319 2012-07-21 16:03:53 <luke-jr> -.-
320 2012-07-21 16:04:05 <TD> we need everyone to be on the fastest code, otherwise slow nodes drag everyone else down. so we want this to be the default, really
321 2012-07-21 16:04:23 <luke-jr> fix upstream
322 2012-07-21 16:04:24 <TD> otherwise some builds/distro-packages will just skip it and use bdb. easiest solution is statically linking it in
323 2012-07-21 16:04:39 <luke-jr> distros won't static link it in
324 2012-07-21 16:04:47 <luke-jr> you're just making them just through hoops to bypass it
325 2012-07-21 16:04:54 <gmaxwell> luke-jr: the database engine is part of our distributed algorithim, effectively. It was an error to use a system provided one in the first place.

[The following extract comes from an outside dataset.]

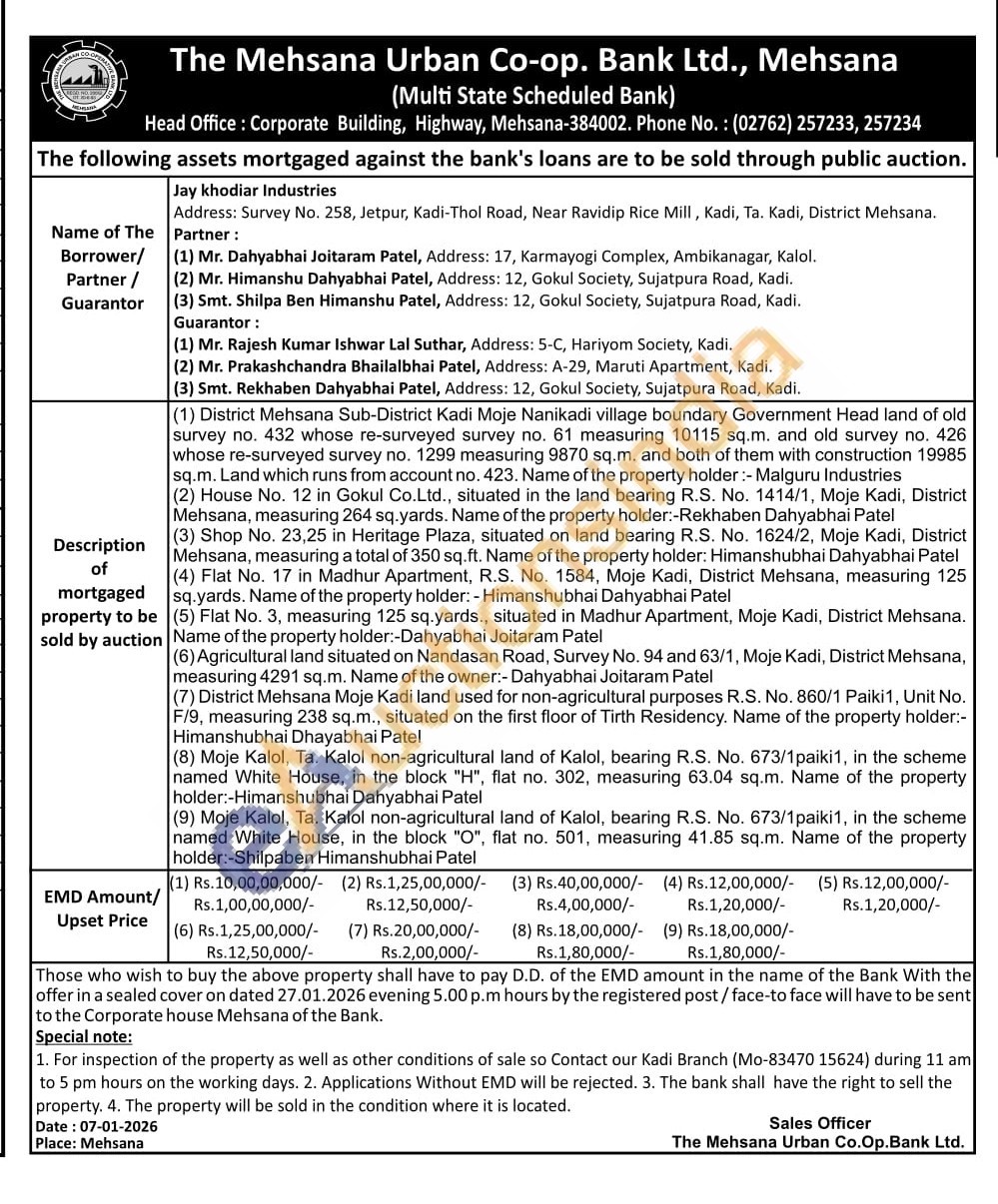 District Mehsana Sub-District Kadi Moje Nanikadi village boundary Government Head land of old survey no. 432 whose re-surveyed survey no. 61 measuring 10115 sq.m. and old survey no. 426 whose re-surveyed survey no. 1299 measuring 9870 sq.m. and both of them with construction 19985 sq.m. Land which runs from account no. 423. Name of the property holder:- Malguru Industries

326 2012-07-21 16:04:55 <TD> it's included in the code, so they have no choice short of major patching, which they should not do
327 2012-07-21 16:05:25 <TD> but yes, distros can and will inflict major brain-damage on whatever code we release. that sort of thing is why we should encourage linux users to use our own binaries or packages
328 2012-07-21 16:05:37 <luke-jr> TD: more likely to major patch than package it with the static link
329 2012-07-21 16:05:41 <TD> upstream doesn't want to include the patches we're using (i checked) because they don't want a boost dependency
330 2012-07-21 16:05:53 <luke-jr> TD: then do it without boost&?

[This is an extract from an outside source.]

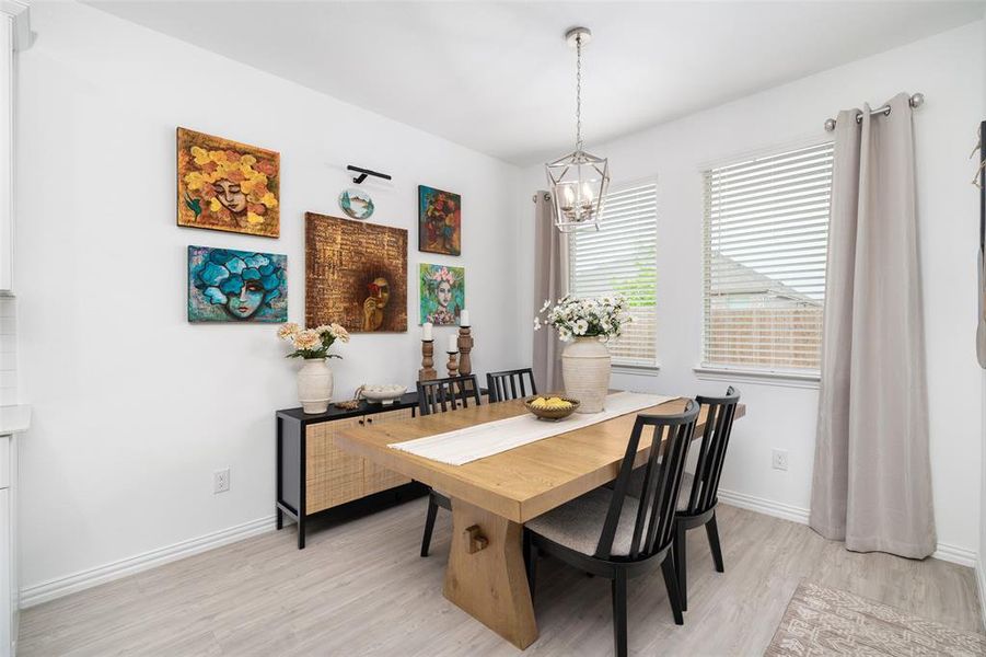 From the moment you arrive, the attractive brick elevation, landscaped yard, inviting covered entry, and added brick flower beds and decorative brick tree rings in both the front and backyard create standout curb appeal. Inside, you’ll find engineered wood flooring, abundant natural light, neutral finishes, decorative lighting, and a spacious living, dining, and kitchen area that feels both open and welcoming.

331 2012-07-21 16:06:06 <luke-jr> users should never run binaries not provided by their distro
332 2012-07-21 16:06:16 <TD> i'd say the exact opposite :)
333 2012-07-21 16:06:17 <TD> anyway
334 2012-07-21 16:06:33 <TD> if you want to port leveldb to win32 directly, go right ahead. i've got better things to do, as has justmoon
335 2012-07-21 16:06:51 <TD> (and get it included into upstream, and make upstream packaged, and ensure distributors include those packages, and build with leveldb, etc)
336 2012-07-21 16:06:58 <gmaxwell> luke-jr: In any case it's not a 'static link' we should just build it internally so there is no conflict with the system (as if the system would package leveldb to begin with)
337 2012-07-21 16:07:11 <luke-jr> gmaxwell: same thing
338 2012-07-21 16:07:17 <luke-jr> it's bad practice
339 2012-07-21 16:07:44 <justmoon> TD: porting for the native windows build should be pretty trivial at this point, so I may very well do it
340 2012-07-21 16:07:49 <TD> oh, urgh. i bet i know why these commits appeared. i did a rebase with them in at some point
341 2012-07-21 16:07:53 <luke-jr> FreeSWITCH does the same nonsense, except with like 20+ libraries, so they're just not supported by any distro
342 2012-07-21 16:08:01 <TD> which i guess removed the merge commits.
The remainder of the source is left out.